Entries provided:
::::

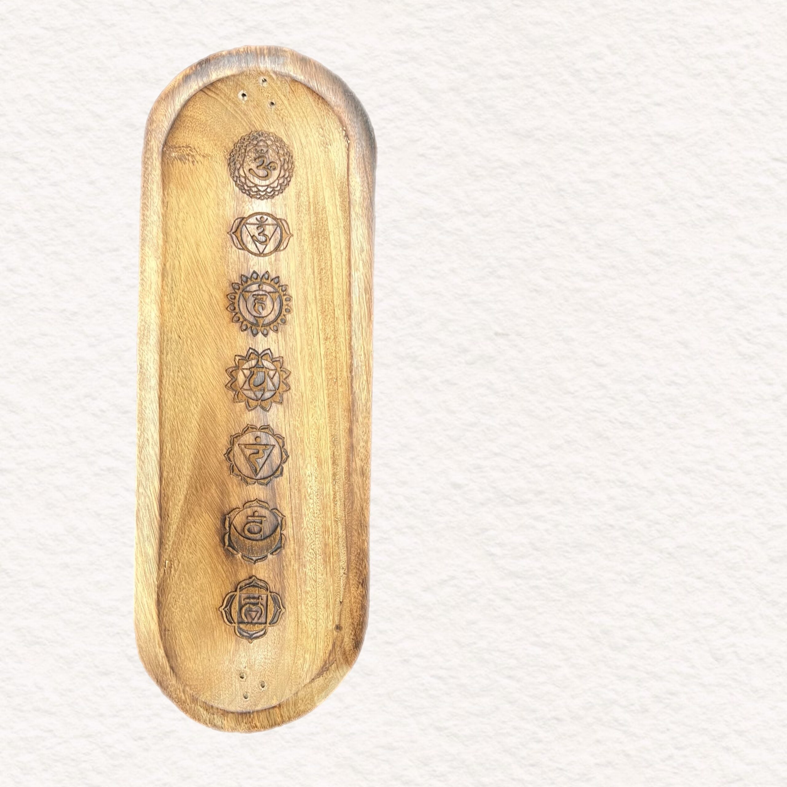 "7 Chakra wide wooden incense holder.Exquisitely made in heavy wood, this incense burner is extra wide to ensure it catches all ash, cleanly and safely. You can burn 1-3 incense sticks at once, making this great for open spaces, yoga studios, spas or out"
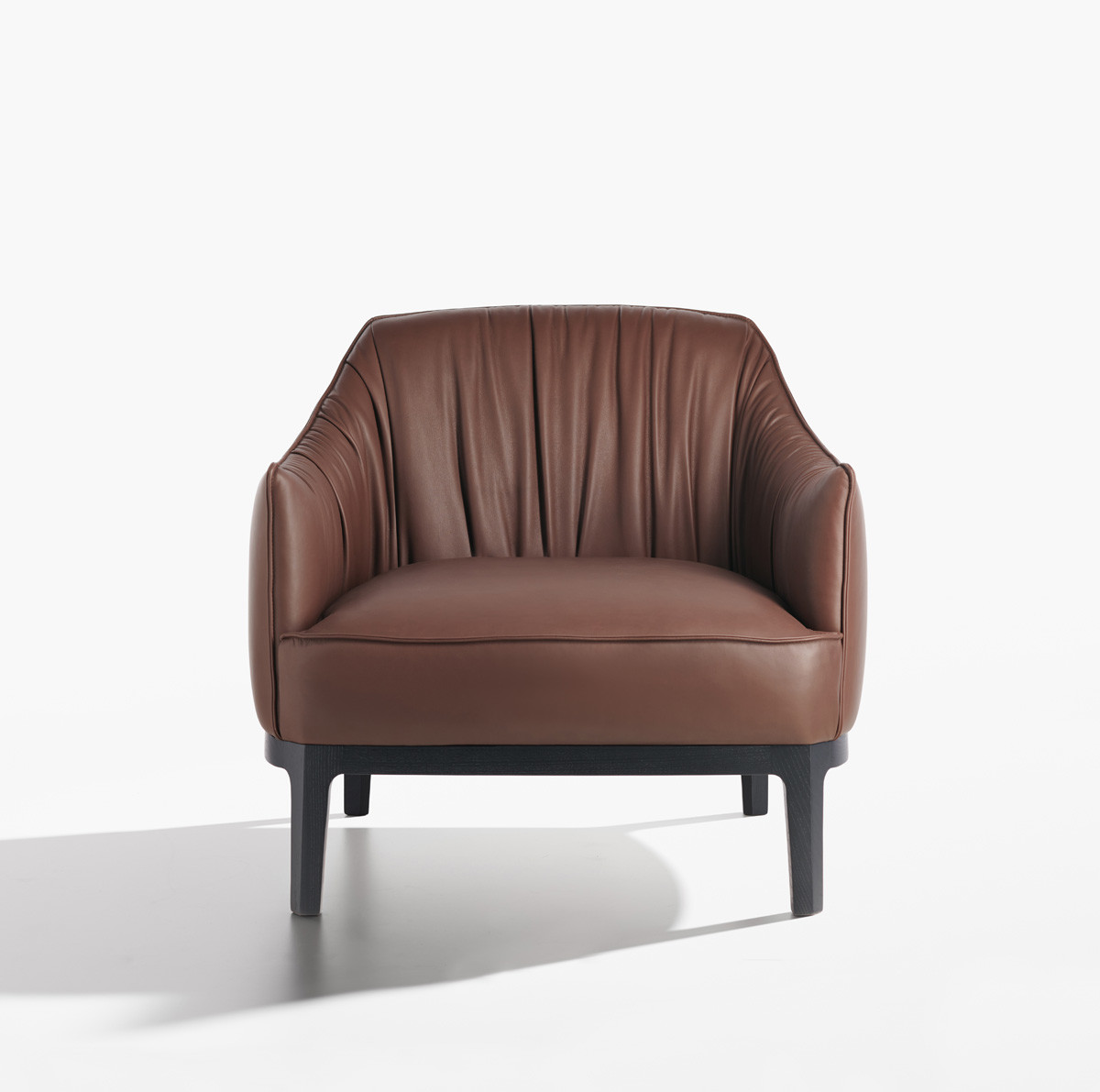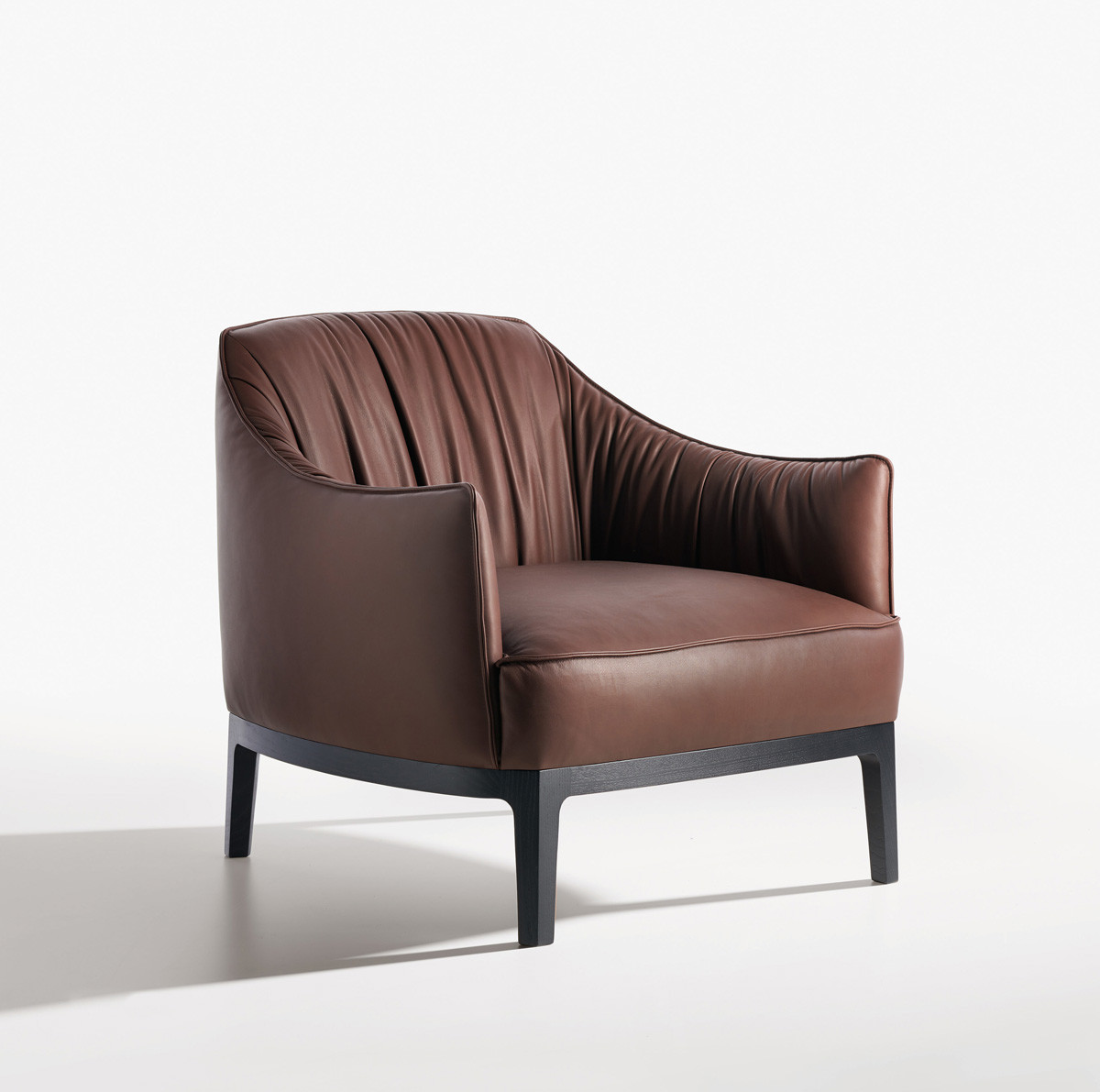 Кресло Potocco Blossom от Bernhardt & Vella — модель с глубокой посадкой и обволакивающей формой. Мягкие складки на внутренней поверхности спинки и боковин. Широкие подлокотники плавно закруглены и приподняты. Низкое основание из темного ясеня с короткими ножками.
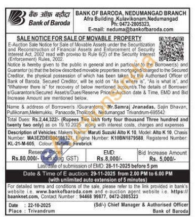 Description of Vehicles: Makers Name: Maruti Suzuki Alto K 10. Model: Alto K 10, Chasis Number: MAJEZDEIS00196327, Engine Number: K10BN1879588, Registered Number: KL-21-M-605 Colour Metallic Firebrick
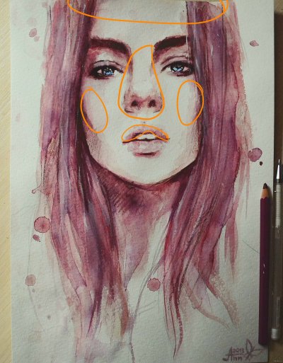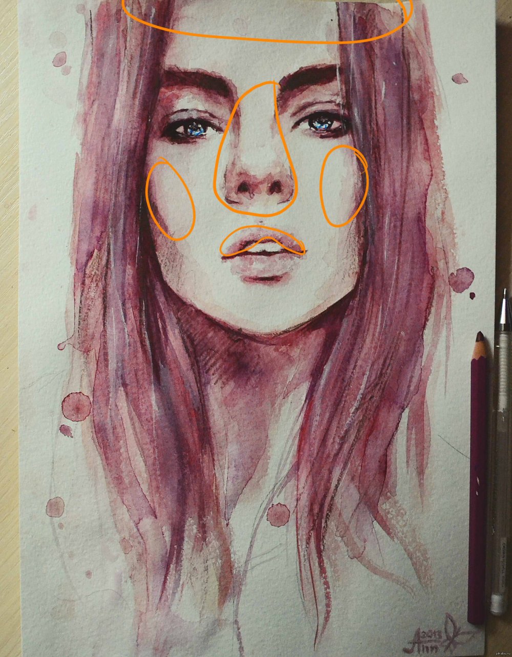 Получился средненько. Та как вы рисовали по фото, то вам легче было, чем если вы рисовали из головы. Но ошибки всё равно допущены. У вас симметрия лица поехала: брови на разной вышине, и переносица широкая. Гамма хорошо подобрана, но советую брать желтоватые оттенки для волос, а не белые для бликов. Потом, волосы надо было начинать пониже, ибо сейчас у неё слишком высокий лоб. Остальные проблемные места я выделила на картинки.
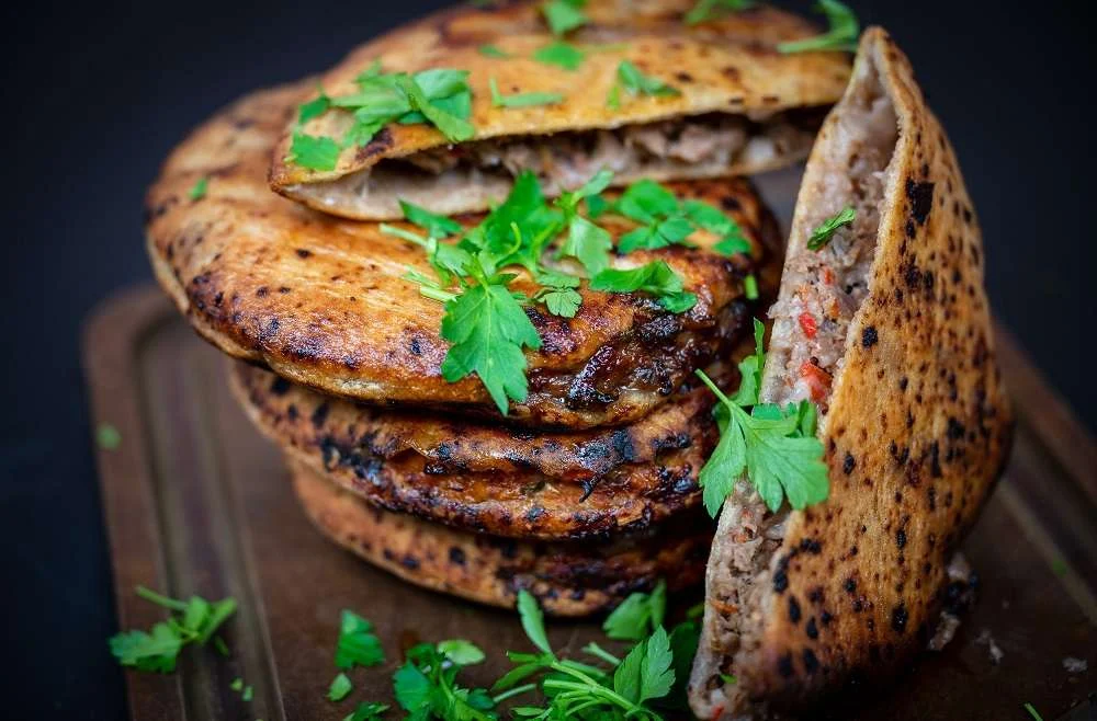 قطعي الخبز البلدي (عيش بلدي أو خبز صاج) إلى نصفين وافرغي من الداخل قليلًا لتشكيل جيب، املئي جيوب الخبز بخليط اللحم بشكل متساوٍ.

::::

Task: Every record must be copied exactly, with images dropped from the result.

Finished task:
 "7 Chakra wide wooden incense holder.Exquisitely made in heavy wood, this incense burner is extra wide to ensure it catches all ash, cleanly and safely. You can burn 1-3 incense sticks at once, making this great for open spaces, yoga studios, spas or out"
 Кресло Potocco Blossom от Bernhardt & Vella — модель с глубокой посадкой и обволакивающей формой. Мягкие складки на внутренней поверхности спинки и боковин. Широкие подлокотники плавно закруглены и приподняты. Низкое основание из темного ясеня с короткими ножками.
 Description of Vehicles: Makers Name: Maruti Suzuki Alto K 10. Model: Alto K 10, Chasis Number: MAJEZDEIS00196327, Engine Number: K10BN1879588, Registered Number: KL-21-M-605 Colour Metallic Firebrick
 Получился средненько. Та как вы рисовали по фото, то вам легче было, чем если вы рисовали из головы. Но ошибки всё равно допущены. У вас симметрия лица поехала: брови на разной вышине, и переносица широкая. Гамма хорошо подобрана, но советую брать желтоватые оттенки для волос, а не белые для бликов. Потом, волосы надо было начинать пониже, ибо сейчас у неё слишком высокий лоб. Остальные проблемные места я выделила на картинки.
 قطعي الخبز البلدي (عيش بلدي أو خبز صاج) إلى نصفين وافرغي من الداخل قليلًا لتشكيل جيب، املئي جيوب الخبز بخليط اللحم بشكل متساوٍ.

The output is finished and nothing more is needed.